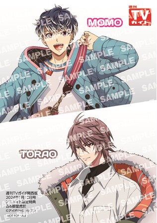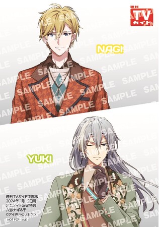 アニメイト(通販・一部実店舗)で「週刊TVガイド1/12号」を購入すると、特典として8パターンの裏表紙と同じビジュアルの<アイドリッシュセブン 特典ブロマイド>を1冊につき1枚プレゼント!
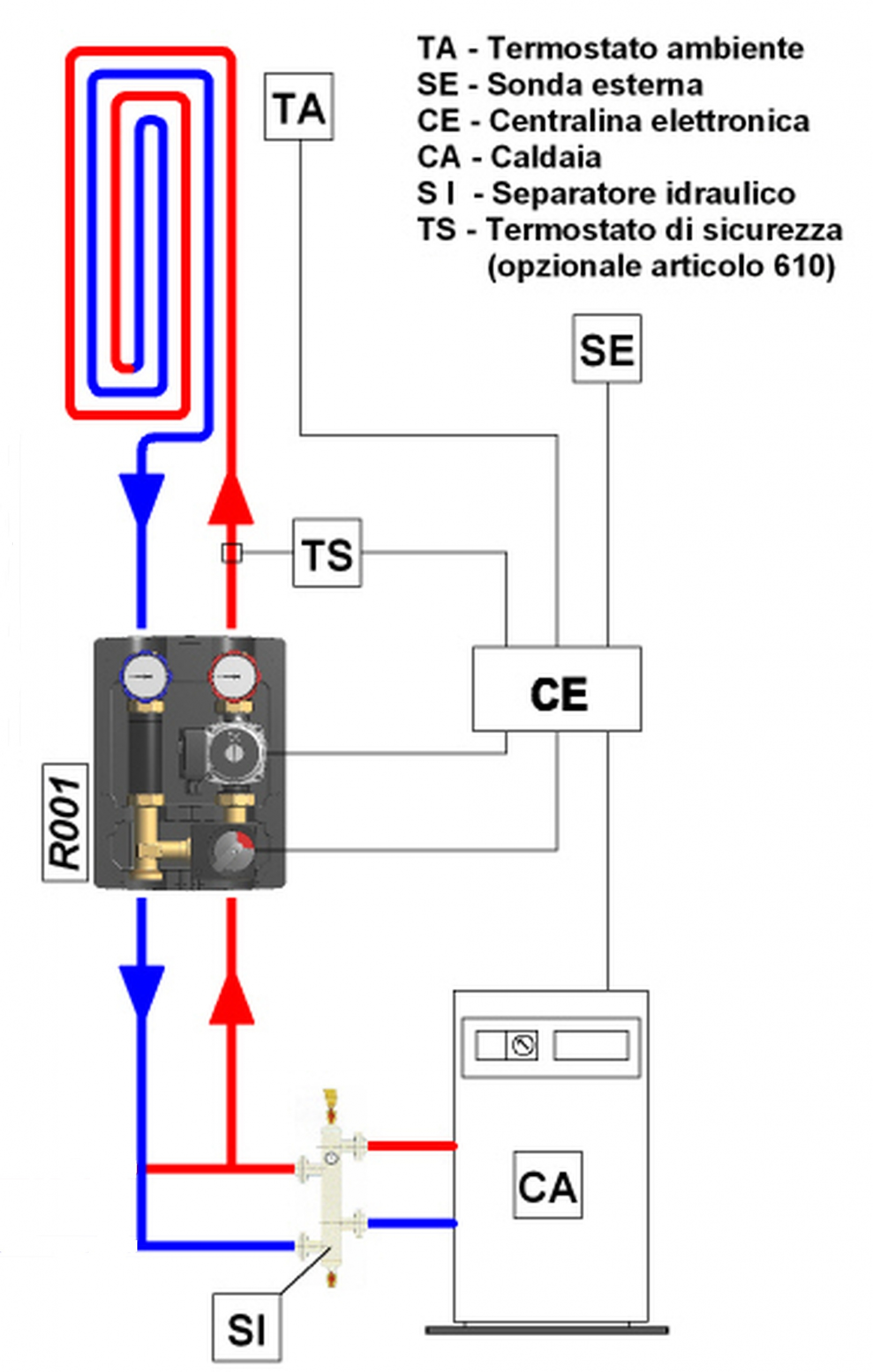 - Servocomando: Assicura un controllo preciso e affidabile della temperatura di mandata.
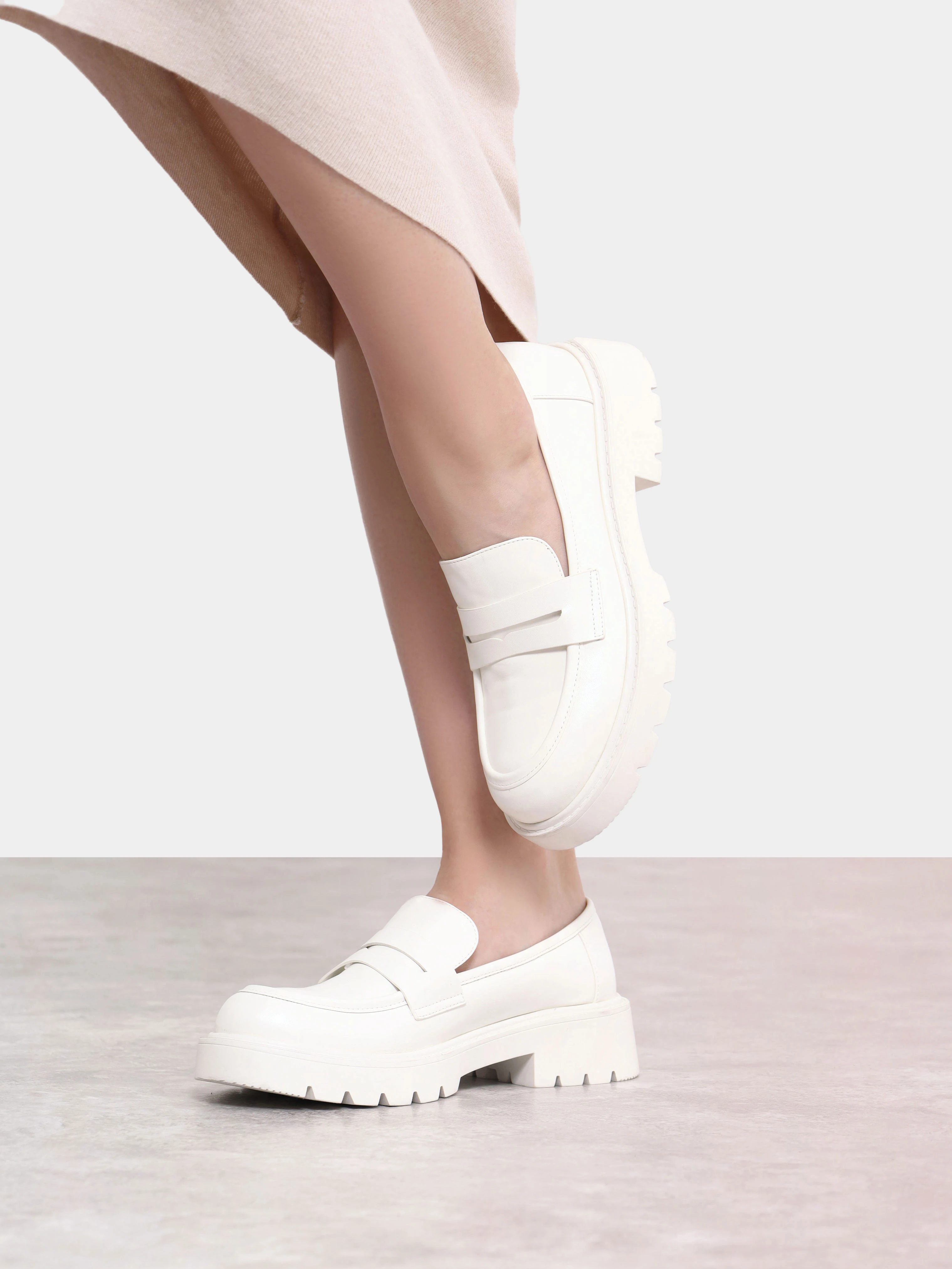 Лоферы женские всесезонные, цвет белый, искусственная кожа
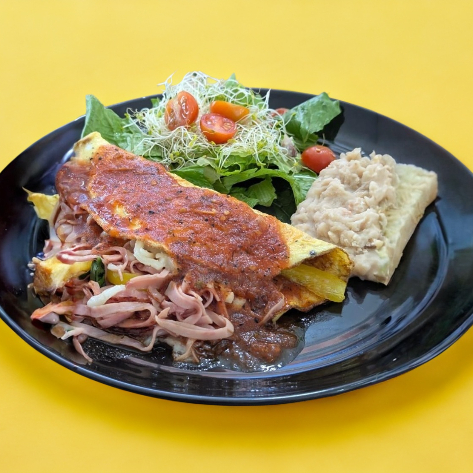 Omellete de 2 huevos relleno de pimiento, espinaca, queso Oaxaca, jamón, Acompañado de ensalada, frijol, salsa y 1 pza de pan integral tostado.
---
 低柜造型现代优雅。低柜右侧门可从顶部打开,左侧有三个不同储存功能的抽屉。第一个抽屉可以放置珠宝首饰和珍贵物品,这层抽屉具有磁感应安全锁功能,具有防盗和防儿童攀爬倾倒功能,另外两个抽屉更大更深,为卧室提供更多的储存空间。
...
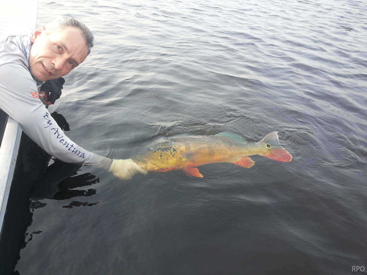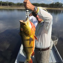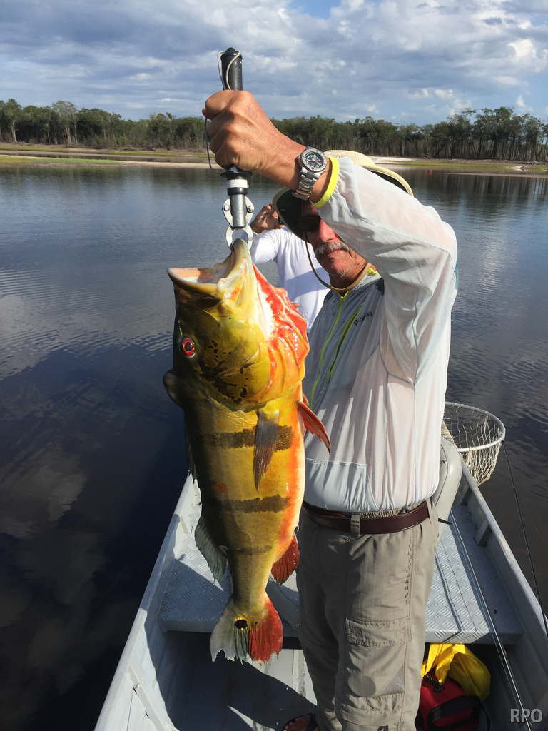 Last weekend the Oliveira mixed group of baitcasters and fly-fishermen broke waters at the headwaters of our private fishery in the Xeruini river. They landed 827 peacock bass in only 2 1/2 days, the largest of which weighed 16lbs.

**TASK DIRECTIONS**
Your answer must be the lines above from the one holding "アニメイト(通販・一部実店舗" up to and including the one holding "Лоферы женские всесезонные, цвет", exact and with no pictures.

**RESULT**
 アニメイト(通販・一部実店舗)で「週刊TVガイド1/12号」を購入すると、特典として8パターンの裏表紙と同じビジュアルの<アイドリッシュセブン 特典ブロマイド>を1冊につき1枚プレゼント!
 - Servocomando: Assicura un controllo preciso e affidabile della temperatura di mandata.
 Лоферы женские всесезонные, цвет белый, искусственная кожа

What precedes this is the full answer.